Jay: Heißt das dann auch, daß man dann ich sag mal
exklusiv bei Sat1 einsteigt und dann gar nicht mehr als
"echter Richter" tätig ist?
Alexander Hold: Gleichzeitig
geht das nicht. Ich hab jetzt - ich mein, es wirkt immer
so nett, wenn man eine Stunde am Tag im Fernsehen ist,
denken die Menschen ja, man hat nur eine Stunde zu arbeiten.

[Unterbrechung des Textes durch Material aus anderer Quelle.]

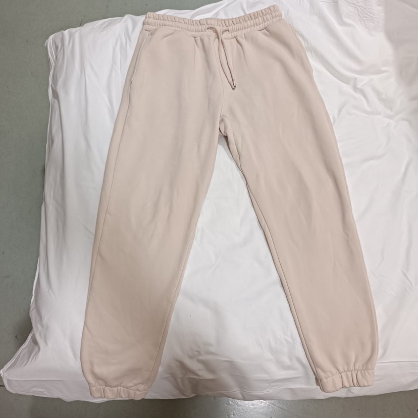 Yumuşak ve sıcak kumaştan, rahat kesim bej eşofman altı. Bel ve bilekleri lastikli. Fark edilmeyecek kadar ufak lekeleri var ama kumaşında yırtık vs bir sorun yok. Kışlıktır çok sıcak tutar.
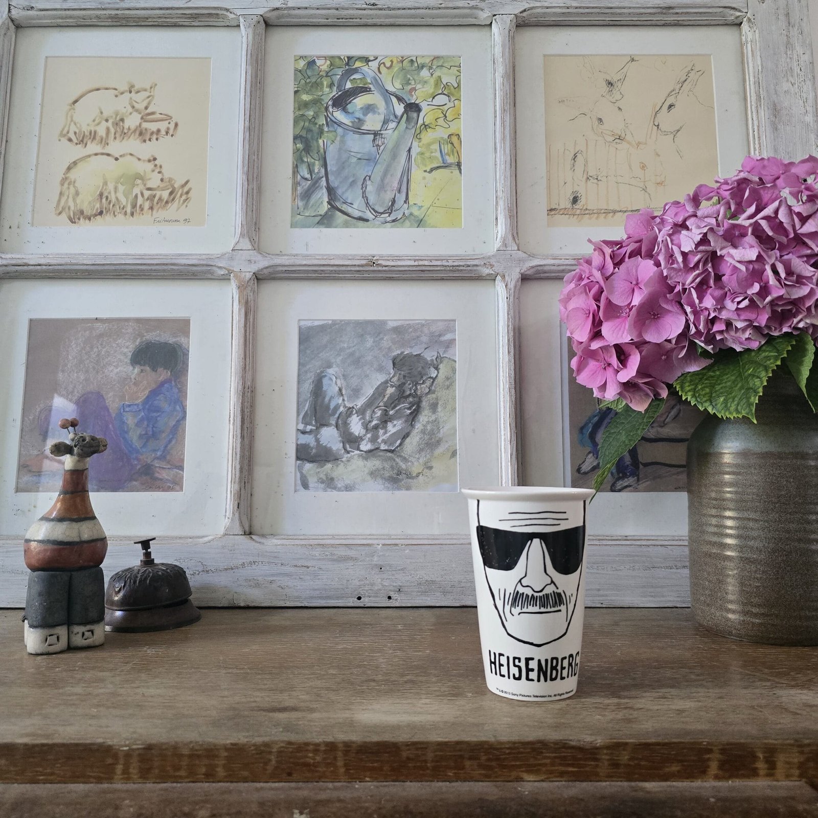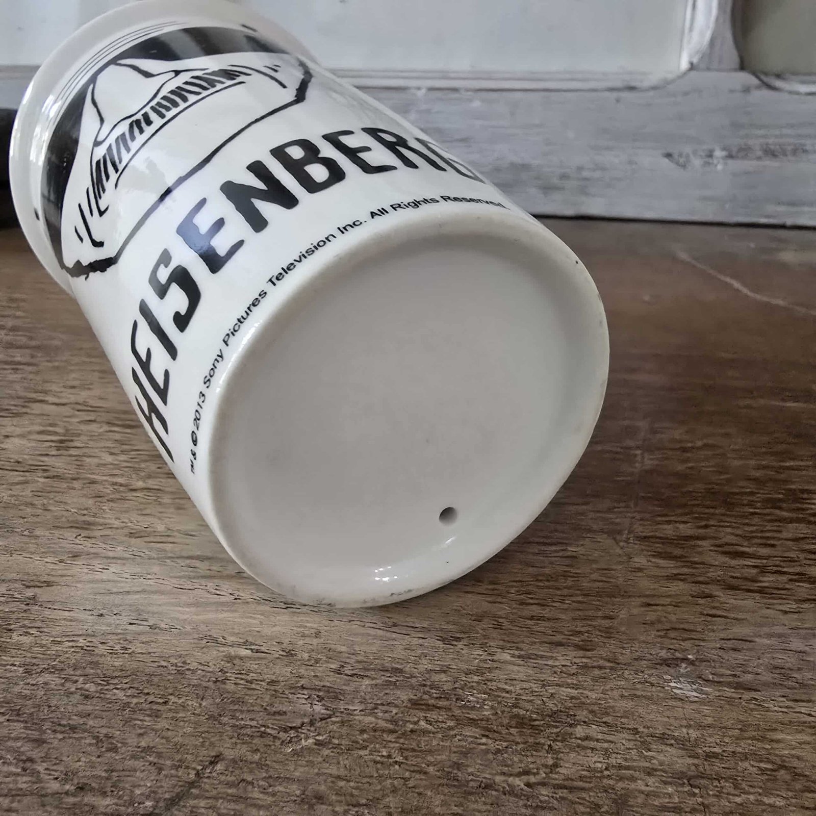 Travel Mug vintage en porcelaine à l’effigie d’Heisenberg, personnage culte de la série Breaking Bad.
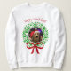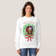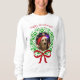 Esta camisola de férias com tema de um cão divertido apresenta um quadro fotográfico de coroa de Natal construído com estampas verdes e vermelhas com uma fotografia de um cão bonito vestindo um chapéu de Papai Noel. A legenda diz: Feliz Howlidays! Você pode deixar a foto do cachorro como ela é, ou carregar uma de suas próprias fotos.
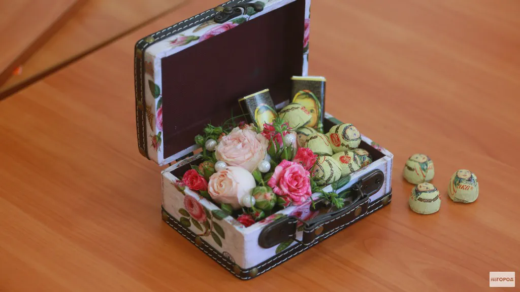 В данном видеоуроке Елена декорировала маленькую коробочку в виде сундучка. Для этого ей понадобились живые цветы, конфеты и сладости. Также вы можете заменить конфеты ягодами или даже живыми бабочками.
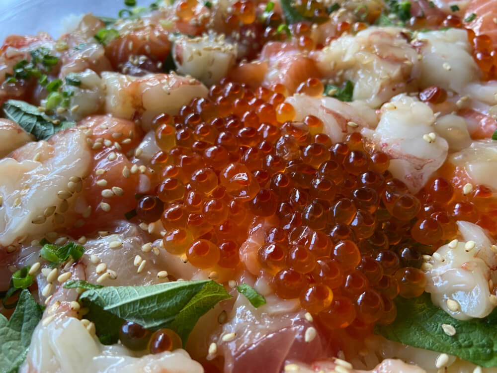 いか、サーモン、まぐろ、えび、真鯛、いくら醤油漬けの6種の海鮮がのって、さらに青ねぎ、ごま、大葉がトッピングされています。
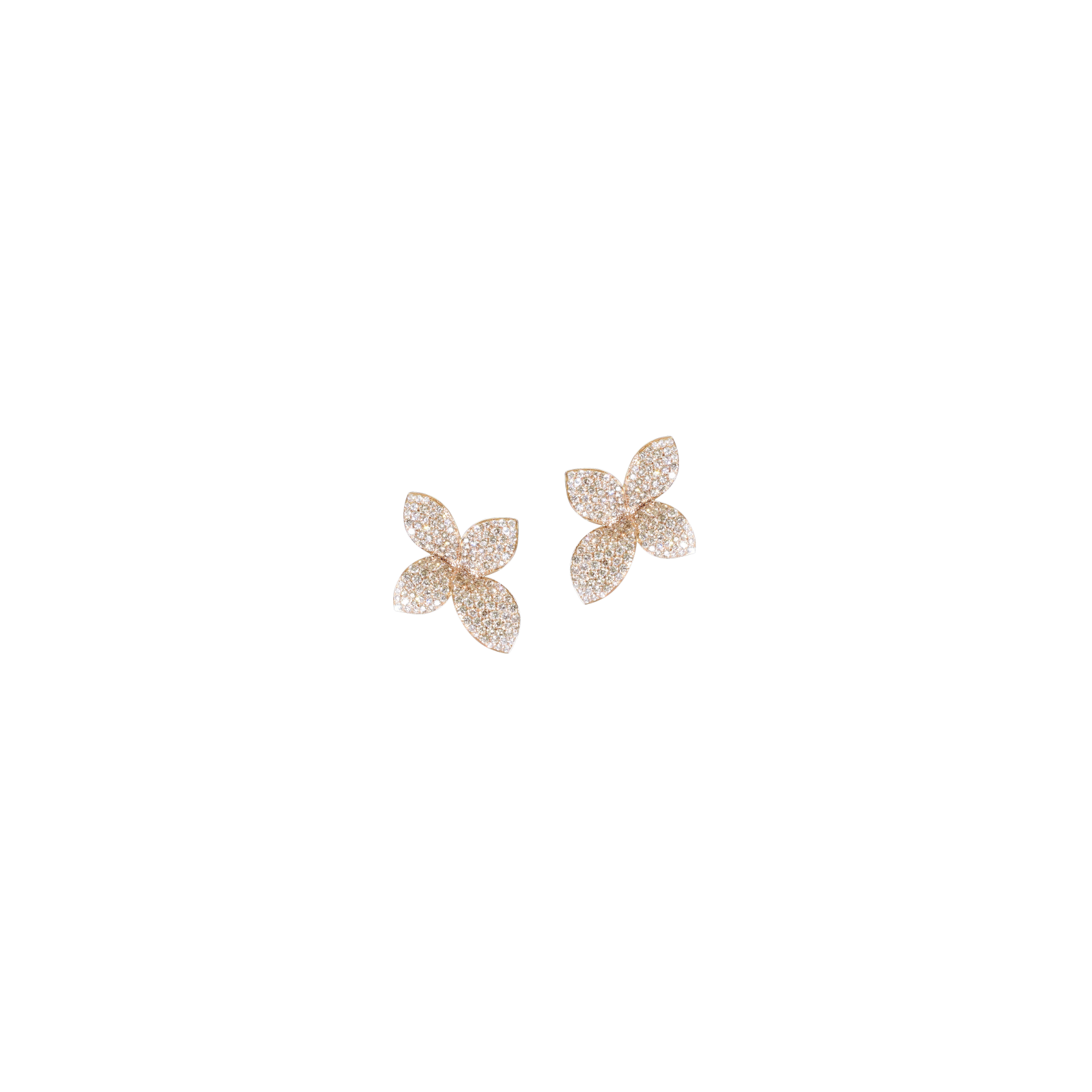 Orecchini fiore in oro bianco e pavè di diamanti - GIOR012146
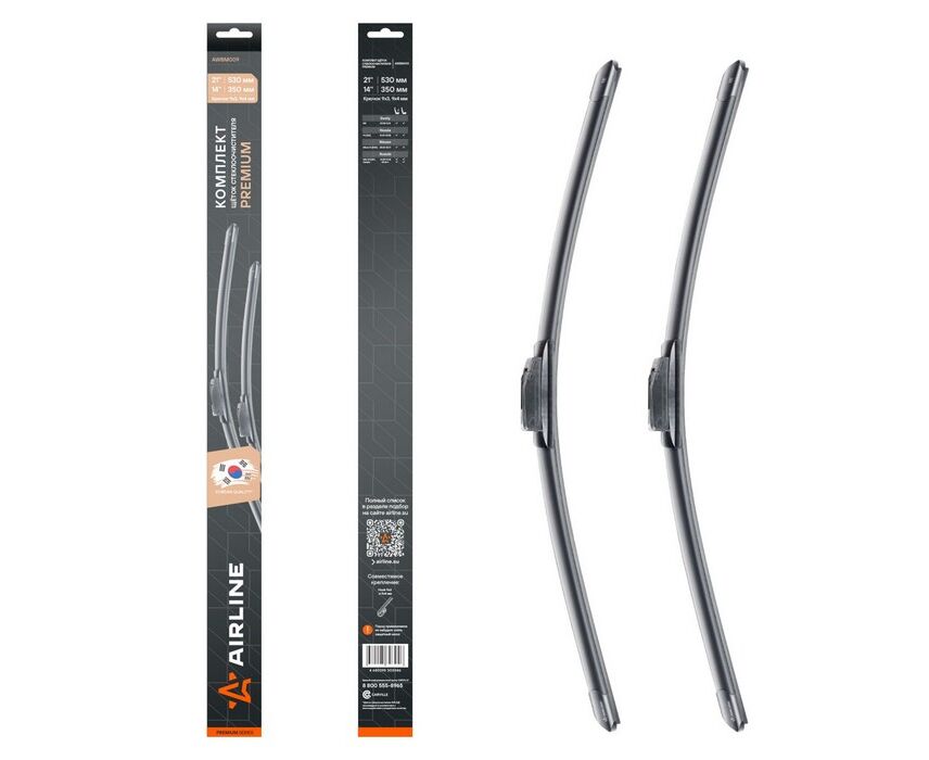 Щетки стеклоочистителя бескаркасные 530/350мм Крючок 9х3, 9х4мм
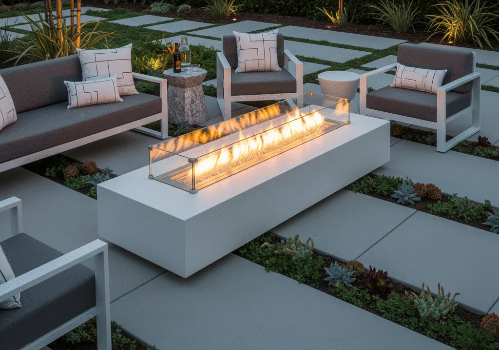 Linear fire pit Bay Area designs integrate beautifully with contemporary landscape elements including geometric paver patterns, minimalist plantings, and modern outdoor furniture. The clean lines and horizontal emphasis complement modern architectural styles prevalent throughout the Bay Area.

Also es ist schon Knochenarbeit, ich sitz sicherlich zwischen
60 und 70 Stunden jede Woche da. Und da geht es natürlich
nicht gleichzeitig. Exklusiv Sat1- jein. Ich hab das Rückkehr-Recht
und ich werde irgendwann, wenn mir das ganze keinen Spaß
mehr macht - oder den Zuschauern das ganze keinen Spaß
mehr macht - sicherlich zur Justiz zurückkehren. Aber gleichzeitig
nebeneinander, das ginge zeitlich nicht.
Jay: Hatten Sie schon immer den Wunsch zum Fernsehen
zu gehen, oder was wollten Sie denn als Kind mal werden?
Alexander Hold: Als
Kind hatte ich so mehrere Wünsche. Wünsche, ja, die eigentlich
jeder hat. Natürlich, wir hatten eine riesige Modelleisenbahn,
und da träumt man schon davon, auch auf 'ner Lokomotive
zu sitzen, aber eigentlich war mein größter Wunsch als
Kind, immer eher Uhrmacher zu werden. Ich hab da auch ganz
ganz früh angefangen und hab also alle greifbaren Uhren
und Wecker auseinandergenommen, aber es hat halt so geendet,
daß beim Wiederzusammenbauen eigentlich immer irgendwas
übriggeblieben ist, und daß keine dieser Uhren und Wecker
jemals wieder funktioniert hatte. Und so hab ich das doch
relativ bald mir überlegt, daß das nicht das Richtige für
mich ist.
Jay: Und wie fängt man das an, wenn man Richter
werden will? Erstmal Jura studieren?
Alexander Hold: Man
studiert erstmal Jura, bei mir war es so, daß ich nebenher
noch ein bißchen Politikwissenschaften und ein bißchen
Philosophie studiert habe, zwei Fächer, mit denen man nur
ganz schlecht Geld verdienen kann. Und so hat sich das
dann einfach auf die Juristerei fokussiert. Und dann macht
man eben die Referendarzeit, in der man sowohl bei der
Staatsanwaltschaft als auch beim Gericht als auch bei Anwälten
mal jeweils ein paar Monate hineinschmecken kann. Und da
hab ich eigentlich schon festgestellt, daß die richterliche
Tätigkeit und auch natürlich die Staatsanwalts-Tätigkeit
mir eigentlich sehr liegen. Naja, und dann muß man nur
noch hoffen und bangen, daß man ein Examen hat, das vom
Ergebnis gut genug ist. Je nachdem, wieviel der Staat braucht,
nimmt er immer so, ja, irgendwo bei den ersten 5 bis 10
Prozent sucht er sich eben die Leute, denen er dann anbietet
zur Justiz zu kommen. Und ich hab dieses Angebot gerade
so bekommen, und dann hab ich's natürlich angenommen.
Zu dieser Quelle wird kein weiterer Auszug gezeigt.